HTCondor Backend Configuration Options When Creating WDL
Use the following tables to help figure out how to configure your runtime{}
section.
How to Allocate Resources in your Runtime Section
HTCondor is the back end to Cromwell and is responsible for grabbing the appropriatly sized resource from slurm for each wdl-task.
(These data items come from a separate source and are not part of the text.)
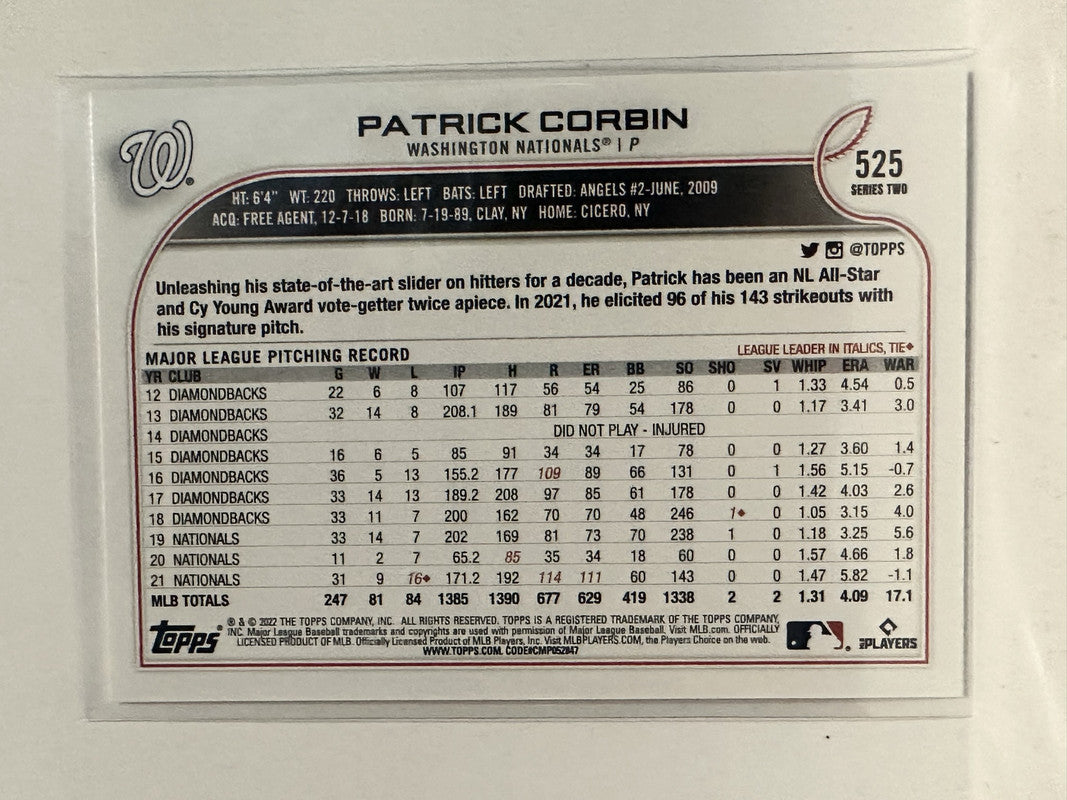 #525 Patrick Corbin Washington Nationals 2022 Topps Series Two Baseball Card
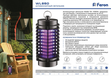 - Светильник антимоскитный WL850-230V 3W Feron
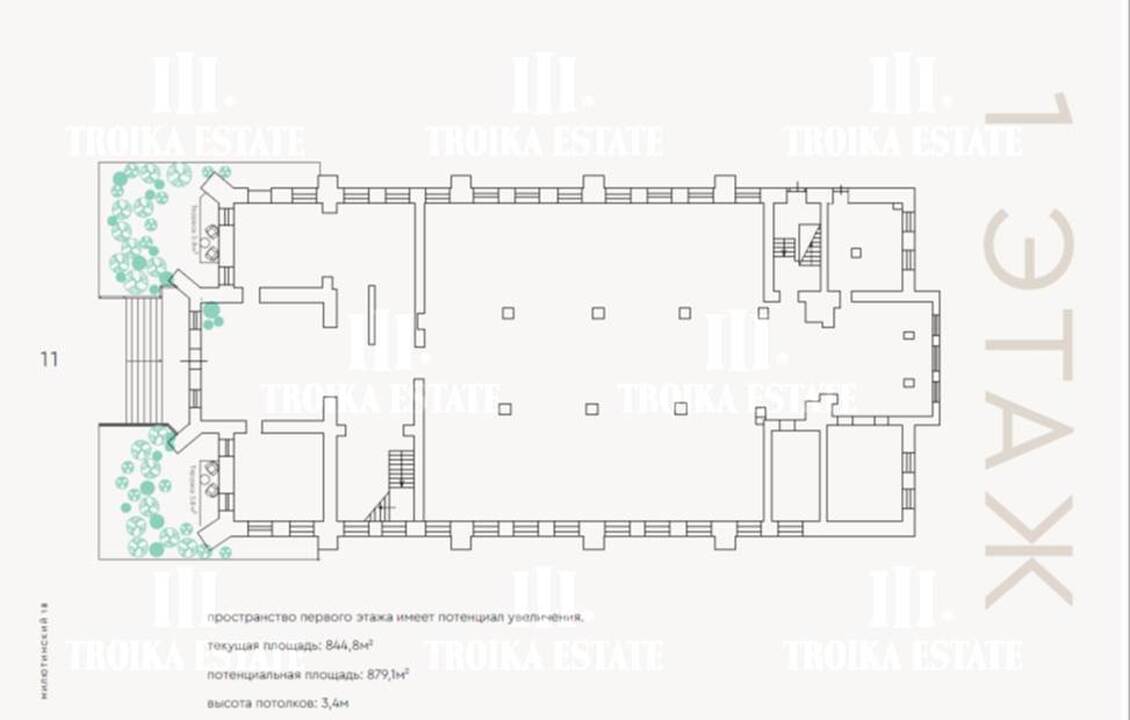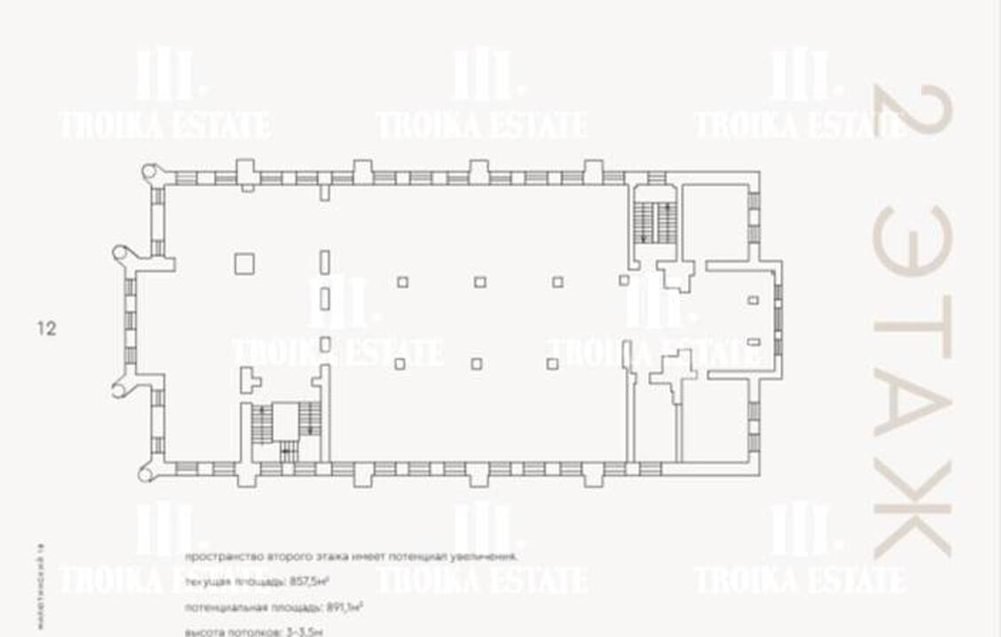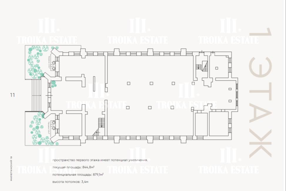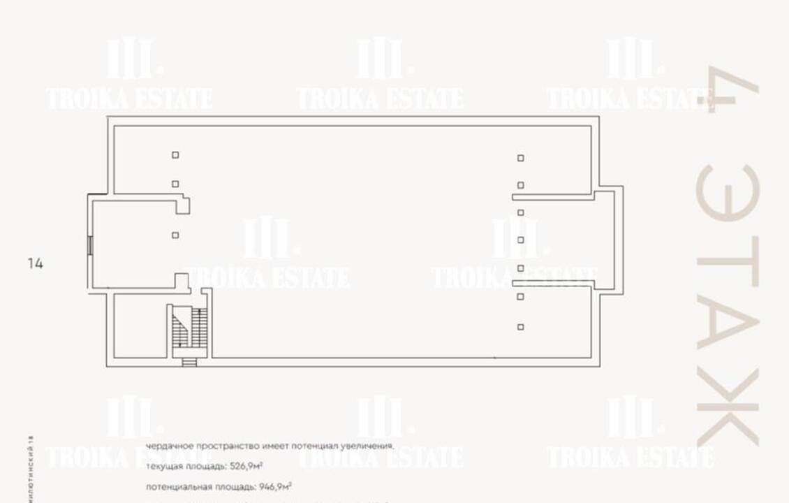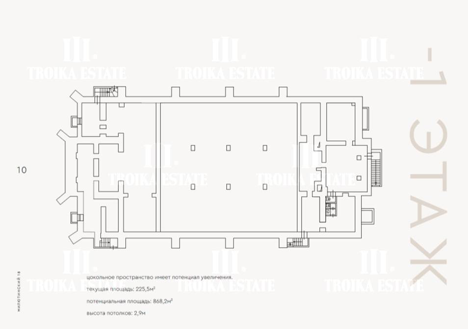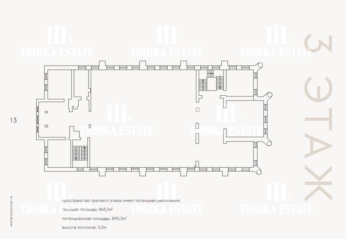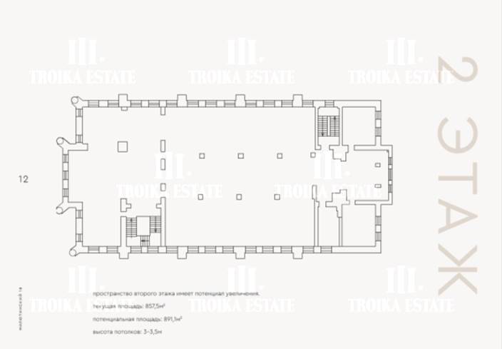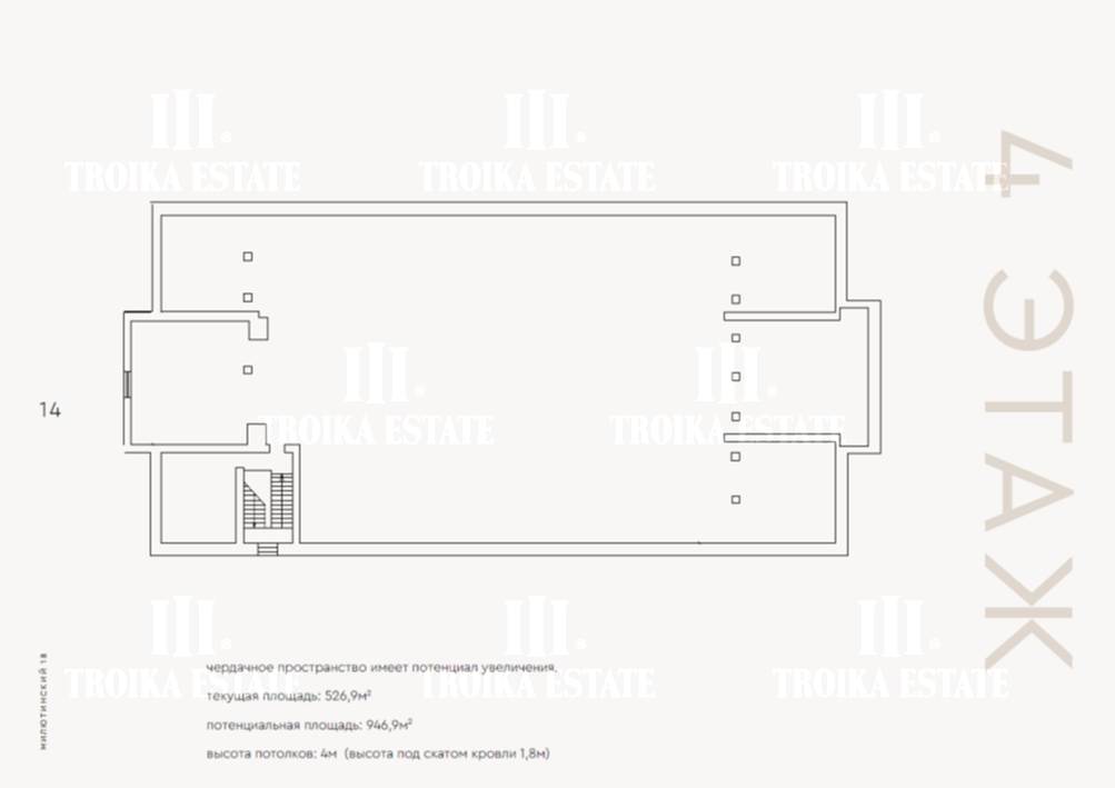 3 299,8 м² (3 этажа, подвал, чердак). Потолки - 3,4 м, виды в тихий внутренний двор.

HTCondor can determine what resource your task needs from only memory
and cpu
which is set in the runtime{}
section.
In fact, memory
and cpu
have defaults set to “2G” and 1(threads), respectively, so you don’t have to include them but it is advised for reproducibility.
Note
Inside your runtime{}
section of the WDL, cpu
key should be set to threads
and not cpus, despite the name, because HTCondor expects that value to be threads
.
Table of available resources
Site |
Type |
#Nodes |
Mem (GB)* |
Minutes |
#Threads |
---|---|---|---|---|---|
Perlmutter (NERSC) |
Large |
3072 |
492 |
2865 |
256 |
JGI (Lab-IT) |
Large |
8 |
492 |
4305 |
32 |
Dori (Lab-IT) |
Large |
100 |
492 |
4305 |
64 |
Xlarge |
18 |
1480 |
20160 |
72 |
|
Tahoma (EMSL) |
Medium |
184 |
364 |
2865 |
36 |
Xlarge |
24 |
1480 |
2865 |
36 |
|
Defiant (OLCF) |
Medium |
36 |
256 |
1425 |
128 |
Note: Defiant site is not available yet.
Memory Overhead
This number is the gigabytes you can actually use because of overhead. For example, on dori, a “large” node is advertized at 512G but since there is overhead, we will reserve 20G and instead ask for 492G in our WDL.
Time Overhead
When Cromwell submits a task, HTCondor manages job scheduling by checking the queue for available resources. The JAWS Pool Manager monitors HTCondor and, when needed, requests new Slurm nodes. Once a compute node is available, HTCondor submits the task.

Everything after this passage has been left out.